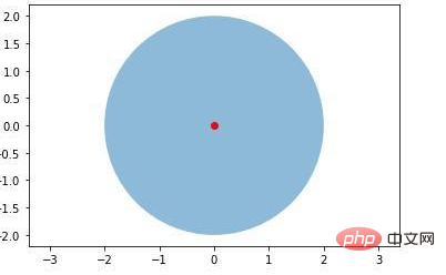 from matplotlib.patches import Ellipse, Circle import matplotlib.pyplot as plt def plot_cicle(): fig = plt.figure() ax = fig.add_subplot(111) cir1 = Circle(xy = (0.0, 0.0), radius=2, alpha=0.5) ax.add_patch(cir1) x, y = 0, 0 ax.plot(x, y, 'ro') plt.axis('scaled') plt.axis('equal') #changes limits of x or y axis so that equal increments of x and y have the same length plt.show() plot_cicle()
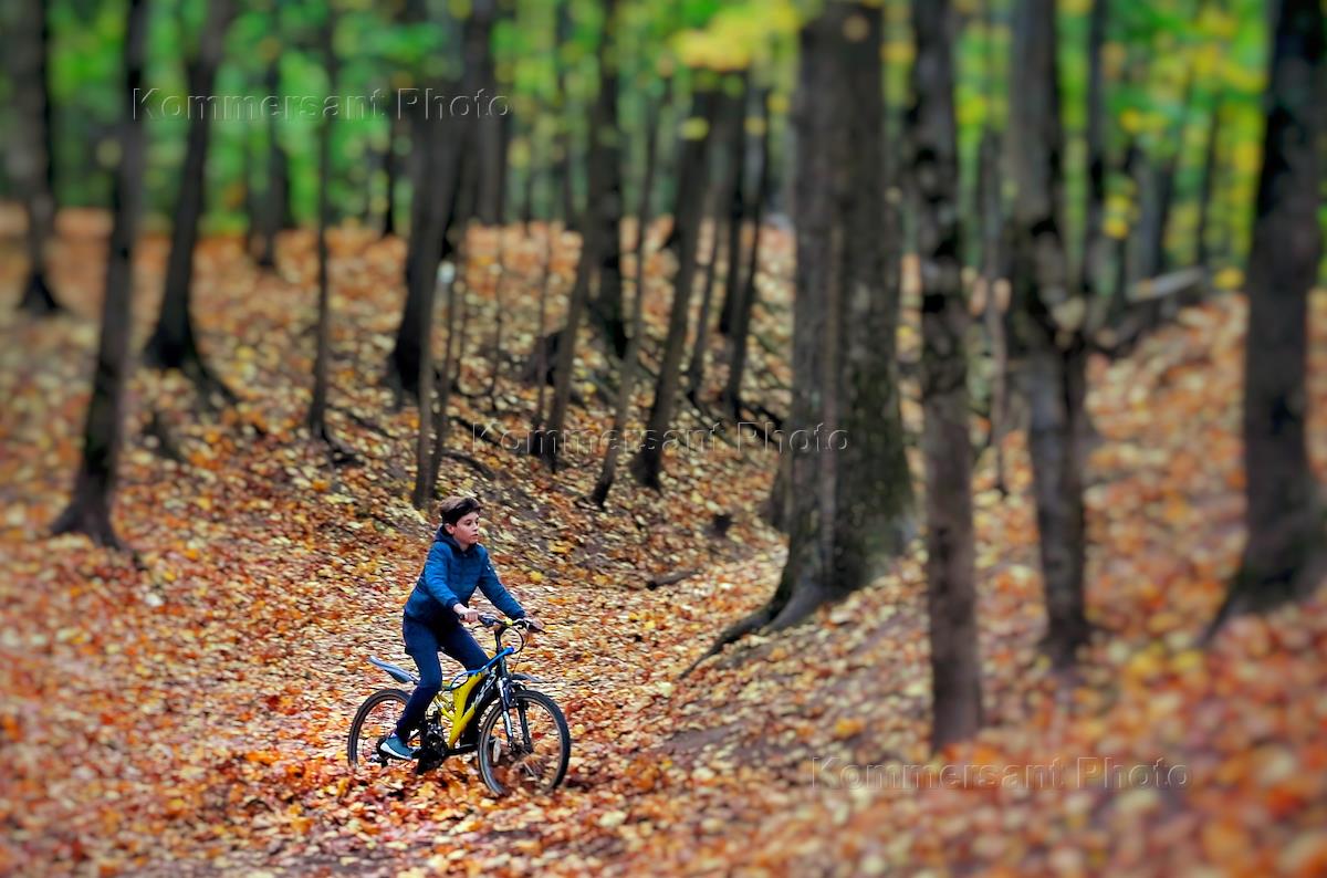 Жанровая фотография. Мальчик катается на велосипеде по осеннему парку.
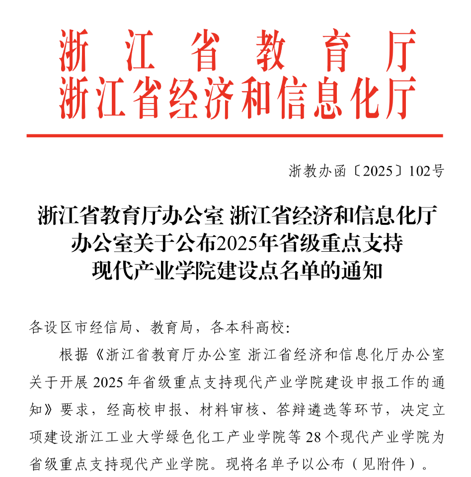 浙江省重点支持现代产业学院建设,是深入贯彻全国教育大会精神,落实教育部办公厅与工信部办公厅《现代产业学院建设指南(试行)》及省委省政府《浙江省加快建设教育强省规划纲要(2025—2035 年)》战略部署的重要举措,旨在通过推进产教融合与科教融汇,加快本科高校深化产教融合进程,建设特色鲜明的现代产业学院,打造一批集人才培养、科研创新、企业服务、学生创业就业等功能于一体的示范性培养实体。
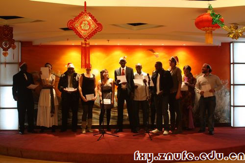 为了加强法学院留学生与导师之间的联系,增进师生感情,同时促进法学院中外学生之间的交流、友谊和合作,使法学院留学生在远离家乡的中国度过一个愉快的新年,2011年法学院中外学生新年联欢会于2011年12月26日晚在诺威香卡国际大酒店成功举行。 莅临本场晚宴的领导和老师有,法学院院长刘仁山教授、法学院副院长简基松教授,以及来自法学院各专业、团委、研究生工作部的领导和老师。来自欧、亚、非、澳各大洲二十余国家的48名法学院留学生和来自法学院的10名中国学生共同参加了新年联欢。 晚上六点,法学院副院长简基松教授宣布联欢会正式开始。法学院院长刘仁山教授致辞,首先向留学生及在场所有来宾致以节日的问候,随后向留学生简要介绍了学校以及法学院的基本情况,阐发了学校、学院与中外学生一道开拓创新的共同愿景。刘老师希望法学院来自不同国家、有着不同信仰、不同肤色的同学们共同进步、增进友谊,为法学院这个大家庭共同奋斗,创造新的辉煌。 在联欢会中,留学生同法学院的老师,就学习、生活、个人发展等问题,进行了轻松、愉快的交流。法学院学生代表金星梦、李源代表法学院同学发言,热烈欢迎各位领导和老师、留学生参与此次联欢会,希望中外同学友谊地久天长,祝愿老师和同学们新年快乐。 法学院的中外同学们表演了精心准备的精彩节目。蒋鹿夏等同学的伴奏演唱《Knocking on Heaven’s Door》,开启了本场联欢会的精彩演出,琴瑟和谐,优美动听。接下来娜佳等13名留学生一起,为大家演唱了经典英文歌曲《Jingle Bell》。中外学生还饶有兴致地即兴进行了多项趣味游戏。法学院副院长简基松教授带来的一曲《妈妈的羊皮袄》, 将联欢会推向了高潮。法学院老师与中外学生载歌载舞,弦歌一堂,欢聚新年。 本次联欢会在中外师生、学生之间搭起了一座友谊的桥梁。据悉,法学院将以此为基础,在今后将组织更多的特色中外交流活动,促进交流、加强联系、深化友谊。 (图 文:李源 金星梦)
--------------------
What to do: Every line of the data above should be quoted exactly. Omit the pictures.

Solved problem:
 from matplotlib.patches import Ellipse, Circle import matplotlib.pyplot as plt def plot_cicle(): fig = plt.figure() ax = fig.add_subplot(111) cir1 = Circle(xy = (0.0, 0.0), radius=2, alpha=0.5) ax.add_patch(cir1) x, y = 0, 0 ax.plot(x, y, 'ro') plt.axis('scaled') plt.axis('equal') #changes limits of x or y axis so that equal increments of x and y have the same length plt.show() plot_cicle()
 Жанровая фотография. Мальчик катается на велосипеде по осеннему парку.
 浙江省重点支持现代产业学院建设,是深入贯彻全国教育大会精神,落实教育部办公厅与工信部办公厅《现代产业学院建设指南(试行)》及省委省政府《浙江省加快建设教育强省规划纲要(2025—2035 年)》战略部署的重要举措,旨在通过推进产教融合与科教融汇,加快本科高校深化产教融合进程,建设特色鲜明的现代产业学院,打造一批集人才培养、科研创新、企业服务、学生创业就业等功能于一体的示范性培养实体。
 为了加强法学院留学生与导师之间的联系,增进师生感情,同时促进法学院中外学生之间的交流、友谊和合作,使法学院留学生在远离家乡的中国度过一个愉快的新年,2011年法学院中外学生新年联欢会于2011年12月26日晚在诺威香卡国际大酒店成功举行。 莅临本场晚宴的领导和老师有,法学院院长刘仁山教授、法学院副院长简基松教授,以及来自法学院各专业、团委、研究生工作部的领导和老师。来自欧、亚、非、澳各大洲二十余国家的48名法学院留学生和来自法学院的10名中国学生共同参加了新年联欢。 晚上六点,法学院副院长简基松教授宣布联欢会正式开始。法学院院长刘仁山教授致辞,首先向留学生及在场所有来宾致以节日的问候,随后向留学生简要介绍了学校以及法学院的基本情况,阐发了学校、学院与中外学生一道开拓创新的共同愿景。刘老师希望法学院来自不同国家、有着不同信仰、不同肤色的同学们共同进步、增进友谊,为法学院这个大家庭共同奋斗,创造新的辉煌。 在联欢会中,留学生同法学院的老师,就学习、生活、个人发展等问题,进行了轻松、愉快的交流。法学院学生代表金星梦、李源代表法学院同学发言,热烈欢迎各位领导和老师、留学生参与此次联欢会,希望中外同学友谊地久天长,祝愿老师和同学们新年快乐。 法学院的中外同学们表演了精心准备的精彩节目。蒋鹿夏等同学的伴奏演唱《Knocking on Heaven’s Door》,开启了本场联欢会的精彩演出,琴瑟和谐,优美动听。接下来娜佳等13名留学生一起,为大家演唱了经典英文歌曲《Jingle Bell》。中外学生还饶有兴致地即兴进行了多项趣味游戏。法学院副院长简基松教授带来的一曲《妈妈的羊皮袄》, 将联欢会推向了高潮。法学院老师与中外学生载歌载舞,弦歌一堂,欢聚新年。 本次联欢会在中外师生、学生之间搭起了一座友谊的桥梁。据悉,法学院将以此为基础,在今后将组织更多的特色中外交流活动,促进交流、加强联系、深化友谊。 (图 文:李源 金星梦)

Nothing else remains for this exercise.